In this class definition, we define that the class instances are used to define the observations of acceleration made by accelerometer sensors. The output of these sensors is represented using the class AccelerationSensorOutput.

 <owl:Class rdf:about="#AccelerationSensorOutput">
   <rdfs:label>Acceleration sensor output</rdfs:label>
   <rdfs:comment>A class describing sensor output for acceleration measurements. Properties ssn:hasValue and ssn:isProducedBy are
                 restricted accordingly.</rdfs:comment>
   <rdfs:subClassOf rdf:resource="http://purl.oclc.org/NET/ssnx/ssn#SensorOutput"/>
   <rdfs:subClassOf>
     <owl:Restriction>
       <owl:onProperty rdf:resource="http://purl.oclc.org/NET/ssnx/ssn#hasValue"/>
       <owl:allValuesFrom rdf:resource="#AccelerationValue"/>
     </owl:Restriction>
   </rdfs:subClassOf>
   <rdfs:subClassOf>
     <owl:Restriction>
       <owl:onProperty rdf:resource="http://purl.oclc.org/NET/ssnx/ssn#isProducedBy"/>
       <owl:allValuesFrom rdf:resource="#Accelerometer"/>
     </owl:Restriction>
   </rdfs:subClassOf>
 </owl:Class>
 

Then, having these subclasses, we can represent the results produced by our accelerometer.
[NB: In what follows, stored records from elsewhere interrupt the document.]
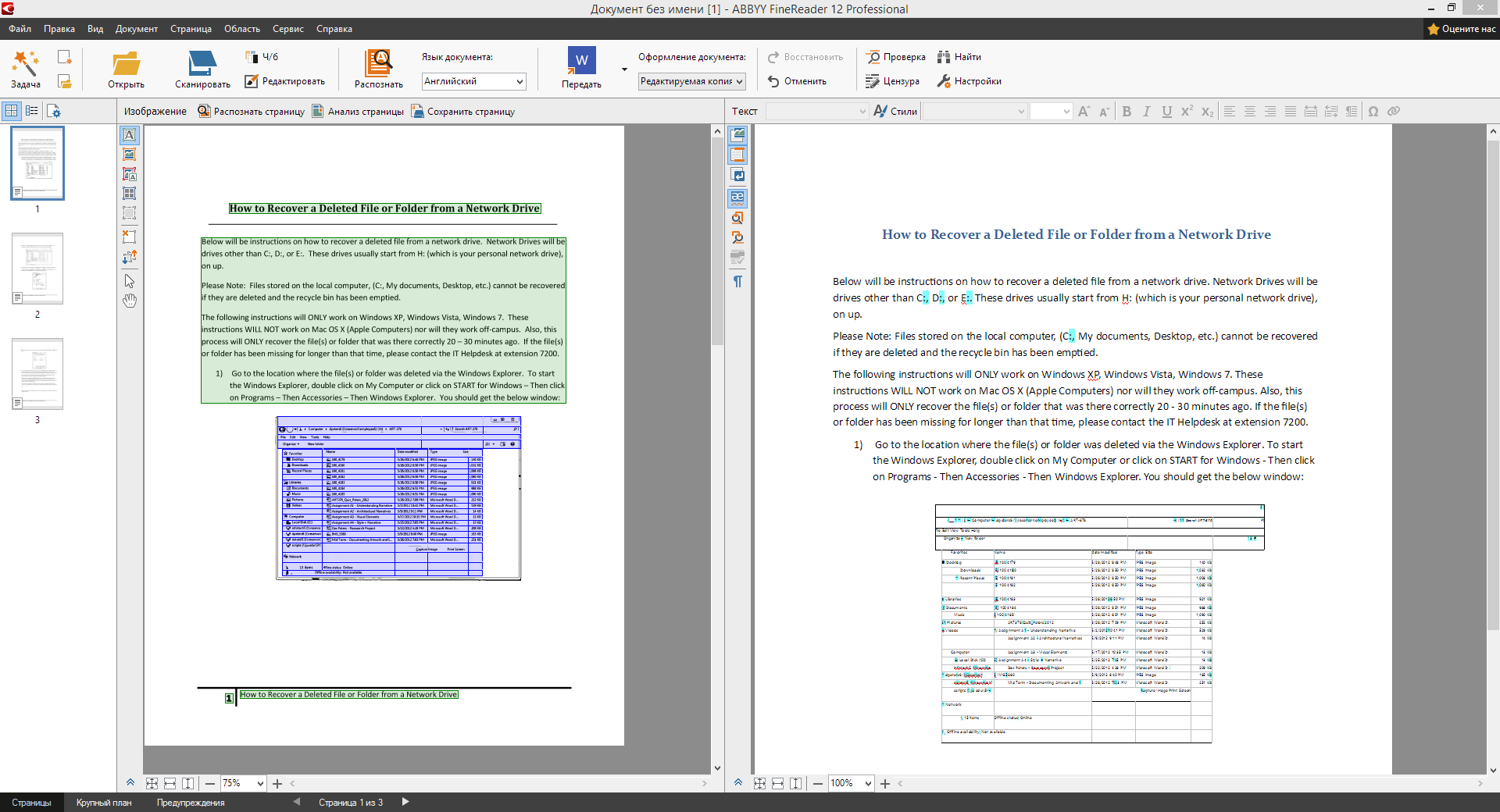 . В ее основе лежит принцип цельного распознавания документа: он анализируется и распознаётся как единое целое, а не постранично. При этом всевозможные колонки, колонтитулы, шрифты, стили, сноски и изображения остаются нетронутыми или заменяются близкими к оригиналу.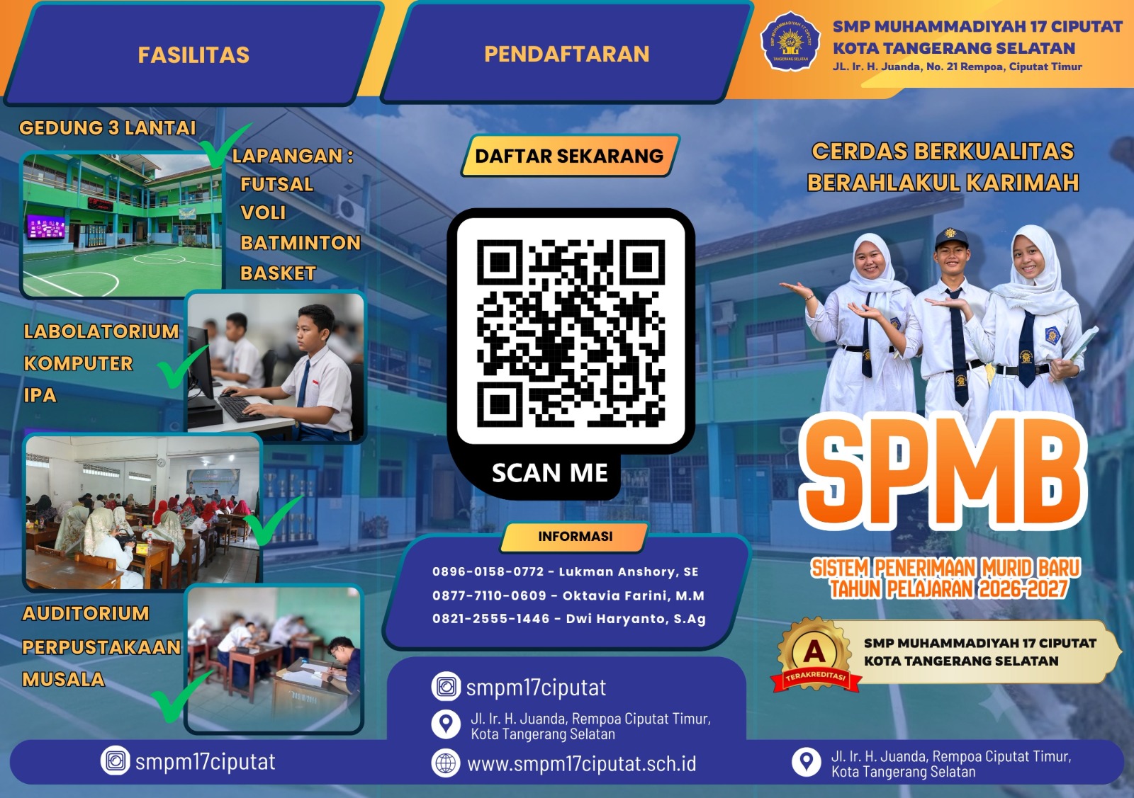 SMP Muhammadiyah 17 Ciputat resmi membuka Sistem Penerimaan Murid Baru (SPMB) Tahun Pelajaran 2026–2027. Pembukaan pendaftaran ini menjadi bagian dari komitmen sekolah dalam menghadirkan pendidikan yang cerdas, berkualitas, dan berakhlakul karimah bagi masyarakat, khususnya di wilayah Ciputat dan sekitarnya.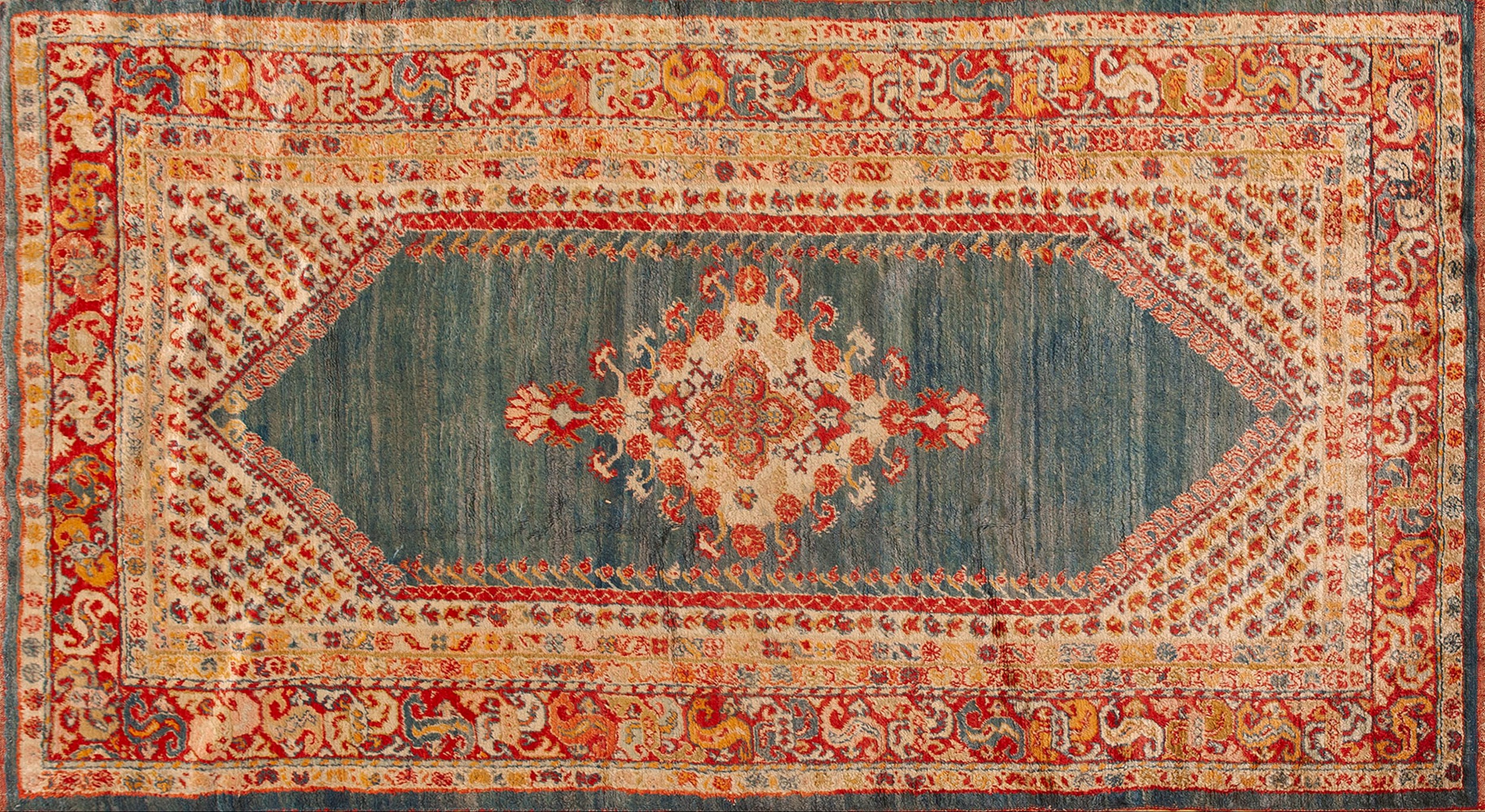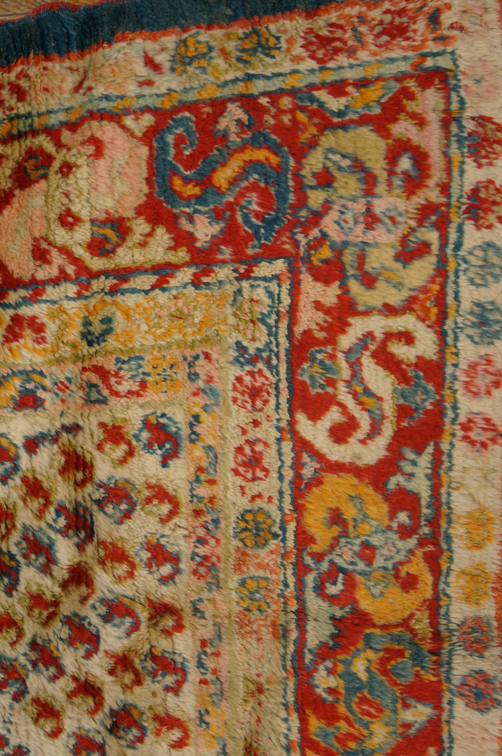 Antique Oushak – Angora Turkish Medallion Knotted Rug, Circa Date: 1890s. This exceptional piece from Western Anatolia exemplifies the refined artistry of late 19th-century Turkish weaving, highly sought after among collectors of antique rugs.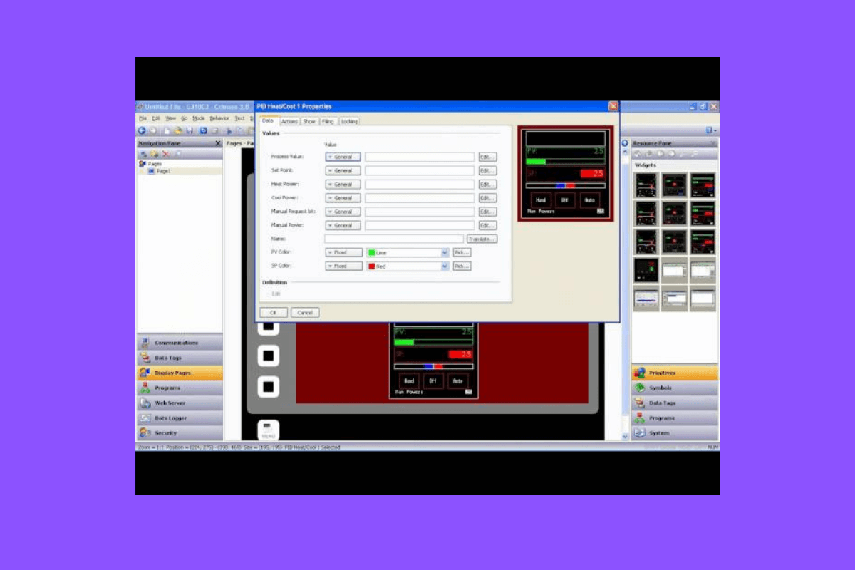 Crimson has emerged as a specialized programming platform within the Red Lion ecosystem. It boasts a robust set of tools, including drag-and-drop configuration and sophisticated data management instruments tailored for "G3, G3 Kadet, and Graphite® HMI operator panels, Graphite Edge, and Core Controllers" development. Designed to synergize seamlessly with the suite of Red Lion solutions, Crimson streamlines the development process for specialized hardware interfaces.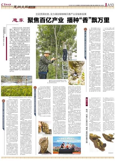 近年来,为传承和发展好“土特产”绿棋楠沉香,惠东先后出台了《惠东县发展沉香产业实施方案》《惠东县退桉改香实施方案》和《惠东县绿棋楠沉香产业发展两年行动方案》等相关指导性文件,引导绿棋楠沉香产业规范有序发展,助推沉香产业高质量发展。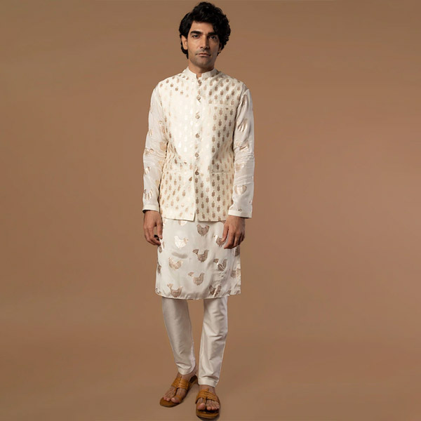White printed Kurta with Pyjamas & Nehru jacket Read more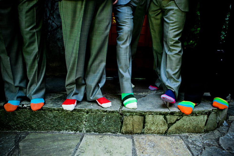 On the wedding day, the bride donned an elegant strapless gown and the groom dressed in a purple-lined tux he already owned, accessorized with neon-striped socks. “I bought all of the groomsmen Happy Socks,” says Malissa.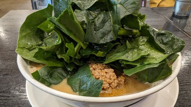はせ川の期間限定メニュー、会津産極寒ほうれん草の濃厚胡麻みそらーめん、美味しかったです!会津産極寒ほうれん草は、冬の間、あえてほうれん草の上に雪を積もらせ、ほうれん草を極限まで甘くした逸品です。極寒ほうれん草は、葉は肉厚で、茎も柔らかく甘みもバツグンです。いわゆる「えぐみ」もなく、スープに浸すことで柔らかくなり濃厚胡麻味噌スープとの相性が最高です。スープは丸鶏ベースですが、鶏の旨味と、胡麻と味噌の風味との相乗効果で、極上の味噌スープとなります。麺は東京製麺のはせ川オリジナルの中太麺で、モチモチ感とツルツル感がマックスです。今年は暖冬で極寒ほうれん草の出荷量が少ないため、提供期間が短いようです。ぜひ、会津産極寒ほうれん草の濃厚胡麻みそらーめん、食べてみてください。おすすめです。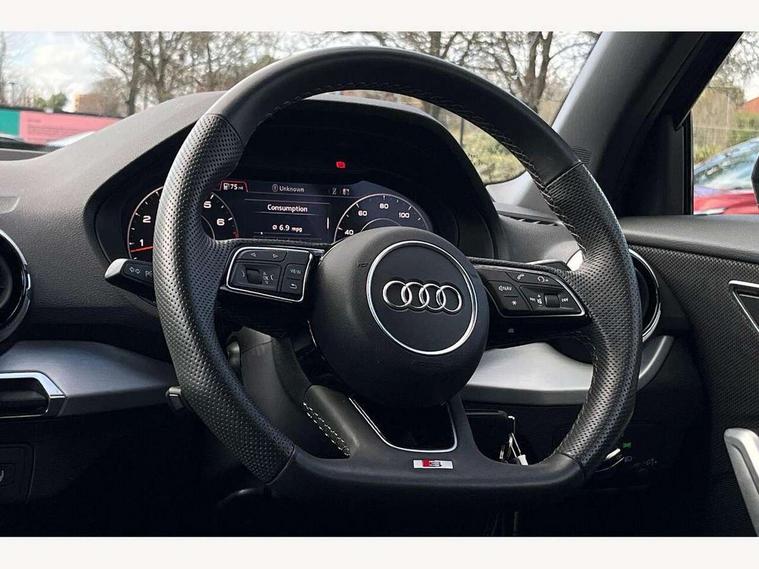 3D map display, Audi connect navigation and infotainment includes innovative services, Audi connect remote and control connects your vehicle to your smartphone, Audi drive select: S tronic - power steering assistance + engine + gearshift (modes: comfort, auto, dynamic, efficiency, individual), Audi smartphone interface - Apple carplay/Android Auto, USB connect, 2xSDXC card readers, voice control for navi, telephone, music and 3rd party apps, Audi virtual cockpit, Automatic start/stop system with recuperation, Bluetooth interface includes bluetooth audio streaming, Cruise control, E-call, Jukebox hard drive memory for music (10GB), MMI navigation plus with 8.3" colour MMI screen and MMI touch, Natural voice recognition, Power operated tailgate, Progressive steering, Rear parking sensors, Sport suspension, 6 passive loudspeakers, DAB Digital radio, Audi beam, Auto dimming rear view mirror, Black window trims, Bumper in full body colour paint finish, Electrically adjustable, folding, auto dimming and heated door mirrors with integrated LED side indicators, Front windscreen with grey tinted sunband, LED daytime running lights, LED headlights with dipped beam, high beam, position lights, indicators, LED rear lights, LED third brake light, Privacy glass - dark tinted rear and rear side windows from B-pillar backwards, Rear side wing doors, Rear wiper, Variable front intermittent wipers, Wheel arch trims in manhattan grey, 12V socket in front, 3 seat bench in 2nd row, 3 spoke flat bottomed multi-function leather sport steering wheel with gear shift paddles, 4-way electric lumbar support for front seats including manual seat height adjustment for both front seats, 60/40 split folding rear seat bench, Black carpets, Black cloth headlining, Front and rear head restraints, Front centre armrest, Front sport seats, Front/rear floor mats, Height/reach adjust steering wheel, Illuminated door sill trims with S logo, ISOFIX child seat mounting in front passenger and rear outer seats, Manual air conditioning, Single front passenger seat, Stainless steel pedals, Black styling pack - Q2, 3x3 point rear seatbelts, 6 airbags - Front, curtain and front side airbags, Electromechanical parking brake, Electronic stabilisation control including ABS, ASR and EDL, Front passenger airbag deactivation, Hill hold assist, Pre-sense front with pedestrian recognition, Seatbelt monitoring, Tyre pressure warning light with visual and acoustic warning, Warning triangle and first aid kit, Anti theft alarm, Anti theft wheel bolts, Electronically operated child locks, Remote central door locking, Aluminium interior element, Black dashboard, Matt brushed aluminium trim inlays, Tool kit,
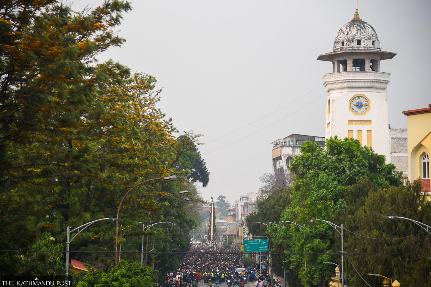 Devotees pull the chariot of Janabaha Dya—the Seto Machhindranath—from Durbarmarg to Ason in Kathmandu on the first day of Seto Machhindranath Jatra on Tuesday. Sukarya Lal Shrestha/TKP

For example, it captured a movement of the knife with the acceleration of 0.98g. This observation can be encoded using the following three instances:

 <owl:Thing rdf:about="#KnifeCuttingObservation_435782677">
   <rdf:type rdf:resource="#AccelerationObservation"/>
   <rdfs:comment>An example of the acceleration observation produced by our ExampleWiTilt30Accelerometer. </rdfs:comment>
   <ssn:observationResult rdf:resource="#KnifeSensorOutput_2355676"/>
   <ssn:featureOfInterest rdf:resource="#Knife_123"/>
   <ssn:observedBy rdf:resource="#ExampleWiTilt30Accelerometer"/>
 </owl:Thing>
 ...
 <owl:Thing rdf:about="#KnifeSensorOutput_2355676">
   <rdf:type rdf:resource="#AccelerationSensorOutput"/>
   <rdfs:comment>An example of the acceleration sensor output produced by our ExampleWiTilt30Accelerometer. </rdfs:comment>
   <ssn:isProducedBy rdf:resource="#ExampleWiTilt30Accelerometer"/>
   <ssn:hasValue rdf:resource="#ZAxisAccelerationMeasurementValue"/>
 </owl:Thing>
 ...
 <AccelerationValue rdf:about="#ZAxisAccelerationMeasurementValue">
   <hasQuantityValue rdf:datatype="&xsd;float">0.98</hasQuantityValue>
 </AccelerationValue>
 

The measurement value is expressed using the class AccelerationValue defined as a subclass of the class ssn:ObservationValue (see section Measurement Capability). In this example, the accelerometer (expressed by an instance #ExampleWiTilt30Accelerometer) measures the acceleration of the knife to which it is attached (#Knife_123). Thus, #Knife_123 plays the role of the feature of interest. In general, a feature of interest can be any real-world object the properties of which are observed by a sensor. This can be, e.g., a geographical point (for weather sensors), a piece of equipment (for diagnostic sensors), etc.